With properly tested, matched and monitored cells ...
A BMS becomes more an expensive security blanket than a necessity.
1. Eliminate self discharging cells!
Charge cells to rated or anticipated charge voltage
Let set idle for several days and monitor for and eliminate all with a notable self discharge
(I bulk charge large numbers in parallel, then separate to diagnose self discharge)
2. Test IR
An IR meter is rather expensive ...
So I run a comparative IR test
With cells still of equal voltage, apply a measured drain to each cell or pair of cells etc.
Monitor voltage sag with the specific discharge amperage for a specific time
EG 1A or .5C for 1 minute ... ?
Label each cell or pair with the sag voltage for use as it's comparative IR (-.12V)
Cells with excessive IR should be eliminated, or separated for alternate use-project.
3. Test Capacity
Cells can be capacity tested individually
a. But I prefer to do a time and effort saving bulk capacity test
(Use self discharge and IR tests will eliminate most low capacity cells 1st)
I rig 28-30 cells, (typically paired cells = 56-60), in series for a 117.6-126VDC .
Then I attach 2 - 60w (120w) light bulbs for a 1Amp discharge. (1 - 60w for .5A discharge etc.)
(Quick check for any "bad" IR cells I might have missed)
Check-monitor voltages of every cell at specific intervals, 15min = .25Ah, 6min = .1Ah etc.
Monitor very closely as cells near 3.60V, as voltage will drop suddenly near that voltage!
You can end test when first cell hits 3.50V and label each cell with time expired (2 hours = 2000mAh) and residual voltage after discharge removed.
This will give you a reasonably accurate comparative capacity.
You can further, more accurately, test capacity by continuing test with matched cells from subsequent batches of cells.
b.

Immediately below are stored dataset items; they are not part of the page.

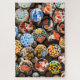 Sevilla, Spanien. Eine Reihe von unterschiedlich und farbenfroh dekorierten Souvenirflaschen.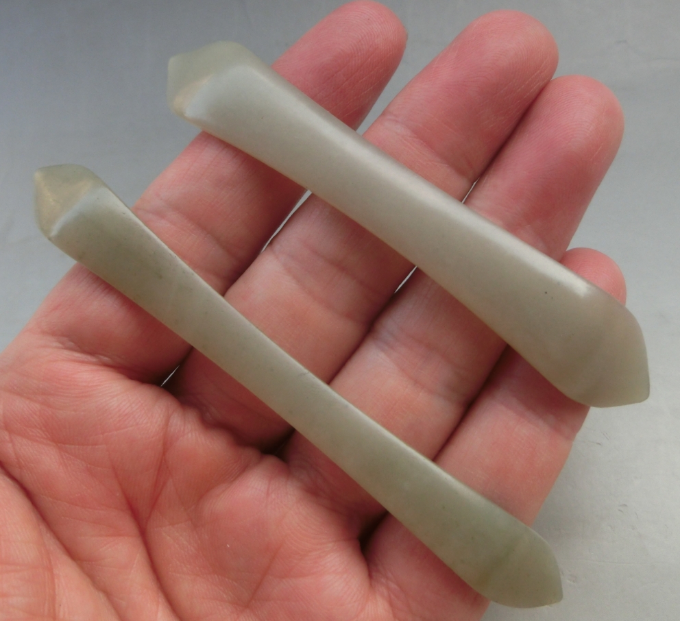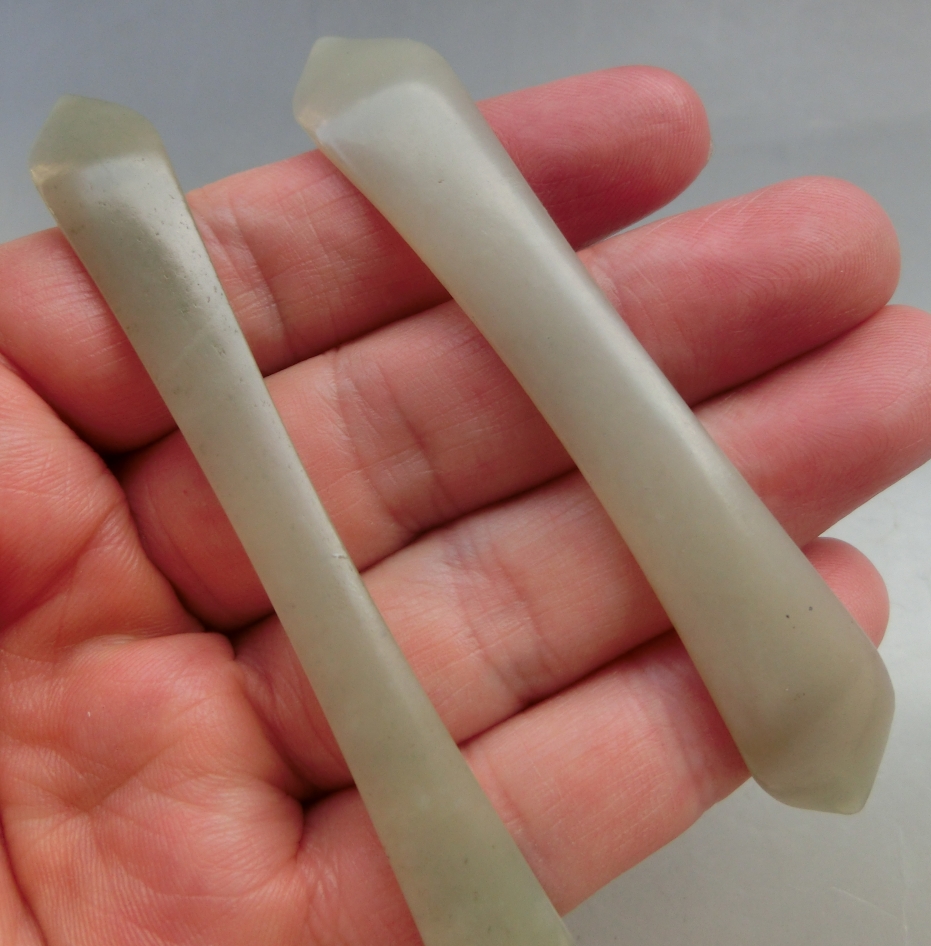 百年历史传承、玉质油润、清朝老和田玉发簪一对,长10.2厘米、宽1.1厘米、共重13.8克,品质保证,一对实价1290元。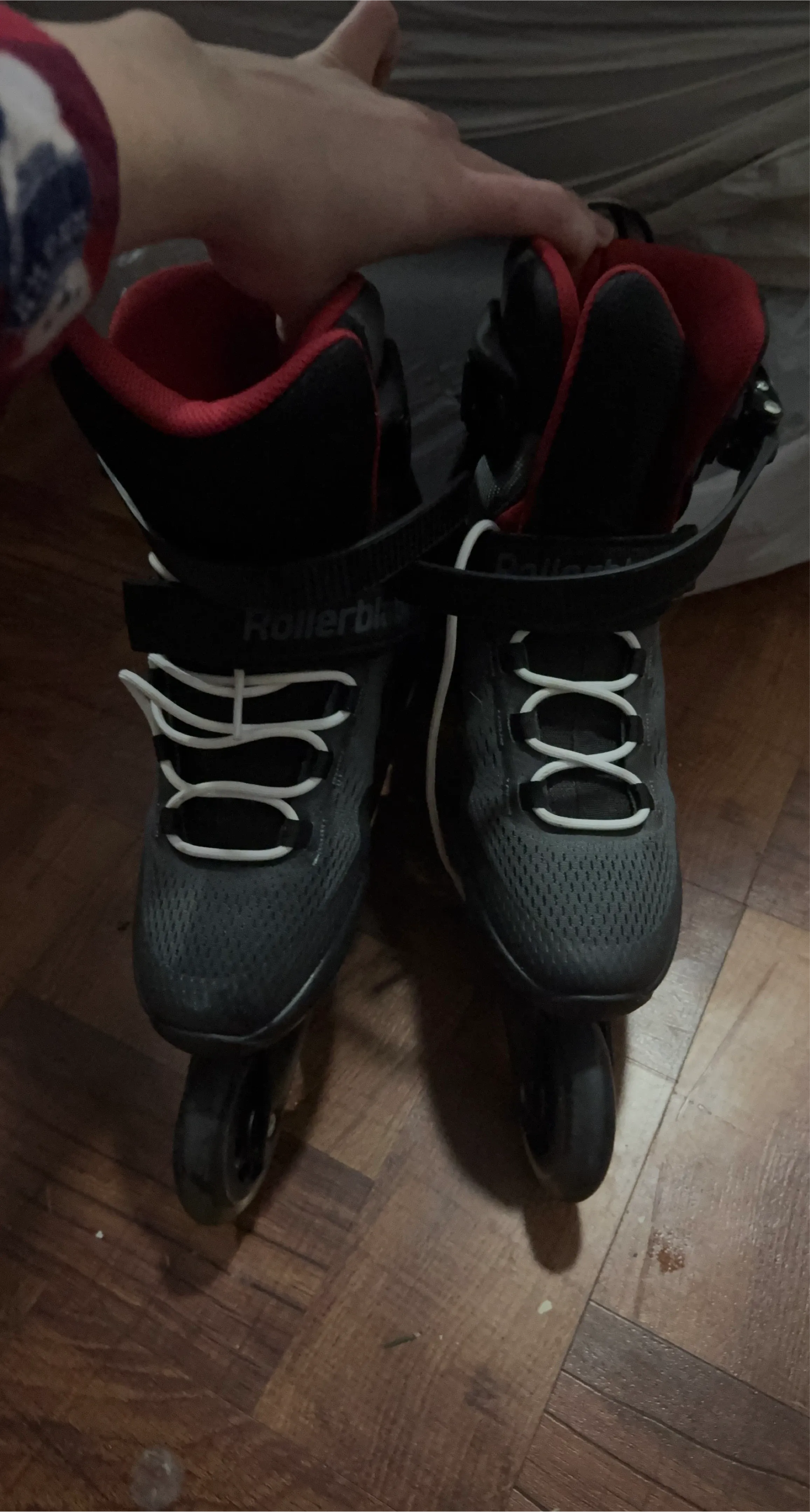 Selling a pair of Rollerblade inline skates. They are black with red lining and white laces. Great for recreational skating!

I combine 20 cells (or cell pairs = 40 etc.) in series and discharge through a cheap 90V V-A-W-Ah meter - $12 (requires external battery connected for maintaining mAh reading when cells removed)
Add electrical discharge devices till desired discharge rate attained (2-3 bulb light fixture, various wattages - 50-100-150w 3-way bulb?)

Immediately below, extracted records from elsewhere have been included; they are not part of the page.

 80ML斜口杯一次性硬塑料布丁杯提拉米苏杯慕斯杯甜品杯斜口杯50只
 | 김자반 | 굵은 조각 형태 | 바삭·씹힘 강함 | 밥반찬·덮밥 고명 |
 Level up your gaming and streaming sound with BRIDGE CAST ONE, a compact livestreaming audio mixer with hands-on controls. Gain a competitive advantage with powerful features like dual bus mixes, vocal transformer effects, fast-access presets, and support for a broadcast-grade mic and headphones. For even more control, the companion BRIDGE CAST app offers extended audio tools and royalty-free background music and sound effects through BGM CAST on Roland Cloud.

As cells hit discharge voltage ( 3.50V?) remove cells and mark with mAh when cells removed from series.
(For ease, I, now, connect cells in series with small 8mm neodymium magnets, steel wire on end of strings to fold into shorter stings)
(Recharge all cells to identical voltage)

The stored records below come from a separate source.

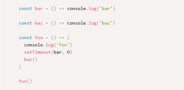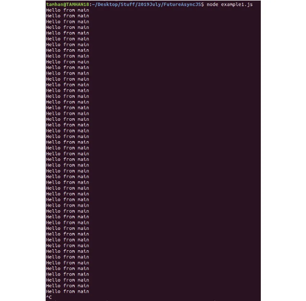 Flavio Copes’ blog has a really interesting code snippet that demonstrates this issue. When you run it, you’ll get the output shown in the accompanying figure—all because the message queue stays blocked until the foo() function releases control of the main thread.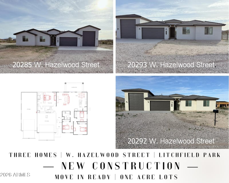 Listing details for 20293 Hazelwood St, Litchfield Park, AZ 85340 : Welcome to 20293 W Hazelwood Street a single family home move in ready. See the two other newly constructed residences available on 20285, and 20292, each offered at $650,000. These homes are also available as a rent with option to buy. USE THESE DIRECTIONS ADDRESSES ARE NOT ON GPS....195th Ave right to Medlock Drive. Medlock Drive to 199th Ave. then left to Camelback Rd. Right on Camelback Rd to 201st then make a left. There is no sign for W. Hazelwood, it is the 4th street on your right and go to the end of W Hazelwood for the four homes. 2 on one side and 2 on the other of W Hazelwood St. Each home sits on approximately one acre and features a fully fenced backyard, an attached RV garage, and a shared well serving all four properties. Construction has just been completed and all homes are move-in ready. The open floor plan offersBuyer to verify all information deemed material to Buyer and conduct Buyer's own due diligence and investigations regarding the property. Information provided is deemed reliable but not guaranteed.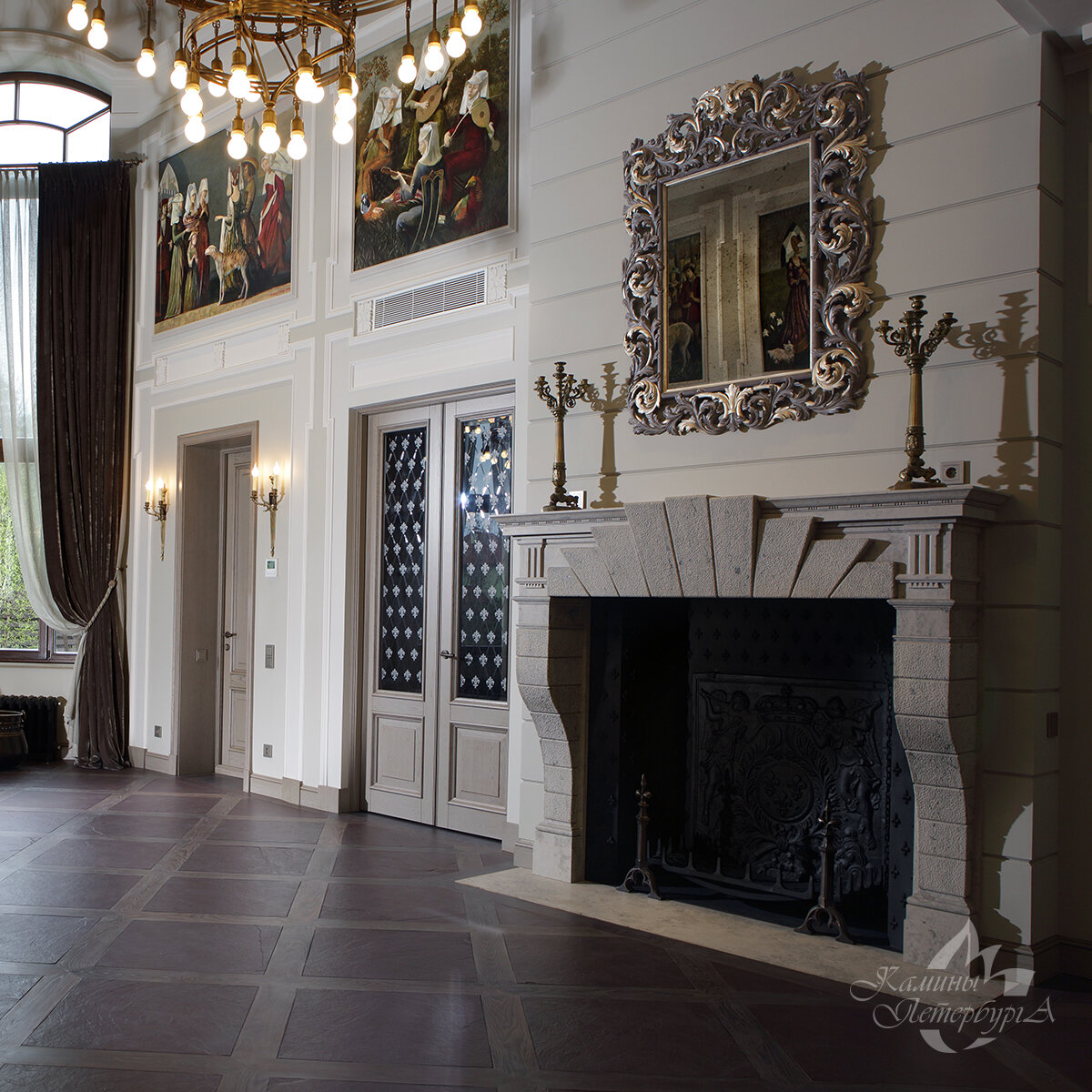 Размер: 2250 x h 1705 x395 Лёгкий, изящный камин, навевающий романтические настроения. Романтическое сознание, ощущения бесконечности мира, - непременное свойство всякого духовного развития человека. Камин лишь отражает мироощущение владельца дома. В этом камине мужская стать и игривость женского веера слились воедино. Немного о создании. Так случилось, что мы работали прежде с архитектором Евгением Парфёновым. Заказчиков мы тоже знали по предыдущим работам. Новый проект вызвал у меня неподдельный интерес. Нам предстояла большая работа. Начали с осмысления, знакомства с идеей. Предложили привезти мрамор из Германии, на карьере по нашей просьбе был добыт однородный по цвету и фактуре мрамор Jura Grey определённого 16 слоя. Мрамор использован не только для создания камина, но и для кронштейнов под потолочными балками, для колонн, подоконников, и так далее. Мрамор как бы задаёт тон. С одной стороны, он прост, но благороден. На нём прекрасно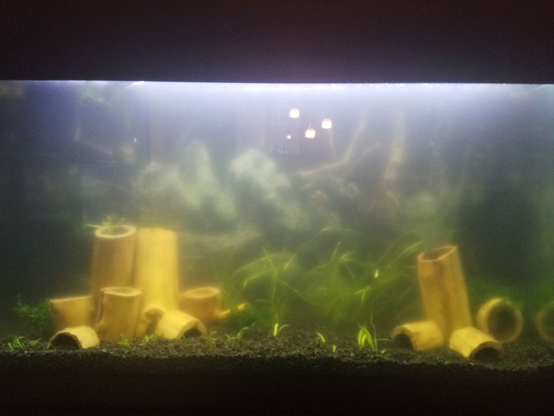 lexid 1 Жалоба Опубликовано 17 января, 2019 Свершилось. 11 января забрал аквариум, 12 начал обустройство. Промыл и засыпал грунт (крашеный обкатанный гравий от Минерал-Арт Дизайн), прокипятил и установил дубовые трубки, полу-трубки, пеньки, посадил растения. Подключил фильтр Акваэль турбо-500, сменив комплектную губку на более мелкопористую, комплектную керамику оставил, подключил компрессор от Тетры, на всякий случай установил грелку от Акваэль, но не включал пока, повесил на стекло градусник Тетры TH 30. Теперь вода: учитывая ранее описанную жесткость, 10 частей бутилированной воды смешал с 4 частями водопровода в общей сложности 87 литров. Спустя сутки запустил в акву 4 ампулярии. Спустя 5 дней запуска, ситуация следующая: вода в аквариуме "непрозрачная", почти на всех поверхностях белые "усы" или "борода". Тесты Нилпа показывают следующее: ph - 7,5-8 (замерял дважды - ночью и утром) kh - 6, gh - 9. Производительность фильтра упала. Заменил мелкопористую губку обратно на комплектную с большими порами, ибо мелкопористая забилась напрочь - за ночь видимость улучшилась, но все равно прозрачности нет. С градусником неясная ситуация - показывает 27 градусов, тогда как кухонный градусник Икеа показывает 25. Собственно желаю получить ph хотя бы 7, а лучше 6,5, прозрачную воду. Ждать дальнейшего развития событий или предпринимать какие-либо действия в виде добавления, к примеру, тетра кристал вотер, phминус, или иных каких-то средств? Поделиться сообщением Ссылка на сообщение

Build banks of equal capacity.
If IR varies noticeably and short of spare cells, distribute a similar sampling of differing IR cells to each bank.
Connect cells in series and parallel and perform a monitored discharge at near anticipated use.
Monitor banks for any sags or low final voltage.
If banks of equal voltages during deep discharge (3.50V?) and after discharge removed, pack is of equal capacity and IR.
Banks of equal voltage after deep discharge (~3.70V?) indicates banks of equal capacity.
If unequal, rated cells can be swapped to equalize.
If' when drain removed, bank voltages diverge, then IR can be adjusted by replacing individual cells with ones of higher or lower comparative IR.
Building banks of equal capacity and IR is more important than individual cells!
It may seem like a lot of effort!
But after many, many builds and 10s of thousands of eBike miles ...
Building it right to begin with saves much time and effort!!!
Banks of equal capacity and IR will discharge and recharge nicely to nearly identical voltages!
Bulk charging recommended with the occasional or scheduled balance charge.
Do monitor charged and discharged voltages for any problem or to determine when balance charge desirable.
Remove self discharging cells
Build banks of equal capacity and IR
Never over charge or discharge
Monitor bank voltages
Never need or want a BMS ... !
I have come to view a BMS as a band-aid for a defective pack!
See - Bulk Capacity Testing
Designed tests for recycled cells ... but
Test new cells too!
If nothing else ... test for self discharge! and demand replacements for these defective-dangerous cells!!!